Samsung Galaxy S4 (Back)

With the Galaxy S4, Samsung is sticking with the same plastic-centric construction we've come to expect from the company -- the device, in fact, looks awfully similar to the Galaxy S III at a glance.

The Galaxy S4 is ever-so-slightly narrower, thinner, and lighter than last year's model, but you'd have to be paying close attention to notice those differences. For the most part, it follows the same design aesthetic as the S III, with a hard plastic casing, available this time in black or white; a hardware Home button flanked by capacitive Back and Menu buttons; and a familiar shape (though a bit more square-like than its predecessor -- but again, it's a subtle change).

The plastic-based build is a sharp contrast to the direction other high-end phones are taking right now: Next to an all-aluminum phone like the HTC One, a glass-centric device like the Nexus 4, or a Kevlar-and-metal product like Motorola's Droid Razr HD, the Sammy-style casing has a noticeably less premium feel and appearance. It does, however, add the benefit of a removable back cover, which allows you to easily replace the phone's battery if you so desire.

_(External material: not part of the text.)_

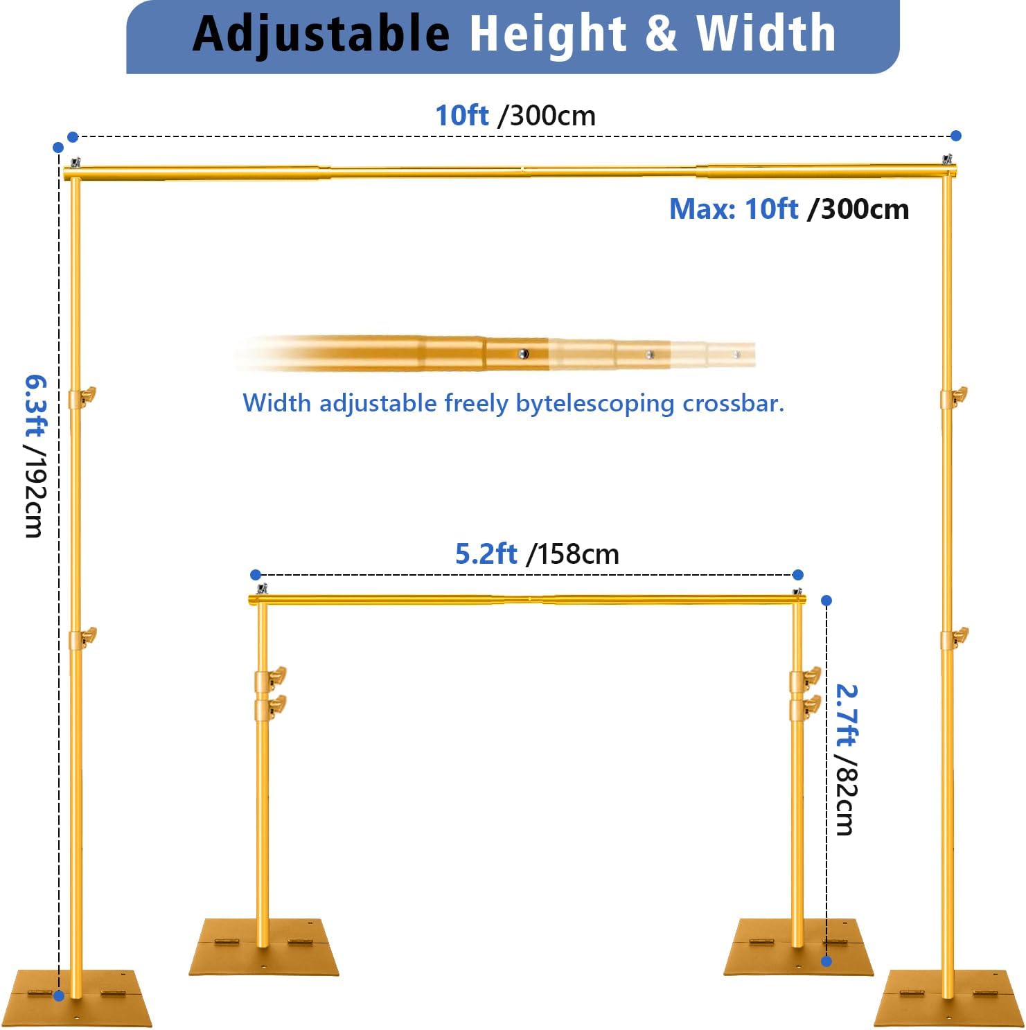 • [2 x Support Sand-Titanium Gold]The stand is made of high-quality aluminum alloy, Height is adjustable from 2.7 ft to 6.5 ft. [2 x Titanium Cross Bar-Gold] Adjustable width (Min 5.2 ft to Max 10 ft), easy to connect, telescoping top crossbar,Max Load Capacity 26 lbs, Super durable and heavy ,Safely use.

Ultimately, it's a matter of personal preference: If you're content with the Galaxy S III, the Galaxy S4 is no major departure and will likely leave you pleased. If you aren't sure how you feel, you may want to do some hands-on comparisons once the phones are available to see which build style you prefer.

(Samsung says the Galaxy S4 will launch globally sometime in the second quarter, by the way, with U.S. availability on AT&T, Sprint, T-Mobile, Verizon, U.S. Cellular and Cricket. Neither pricing nor a specific release date has been announced.)

2. The Galaxy S4 has some impressive hardware improvements.

Don't let outside appearances fool you: The Galaxy S4 has a lot of improvements beyond its basic body.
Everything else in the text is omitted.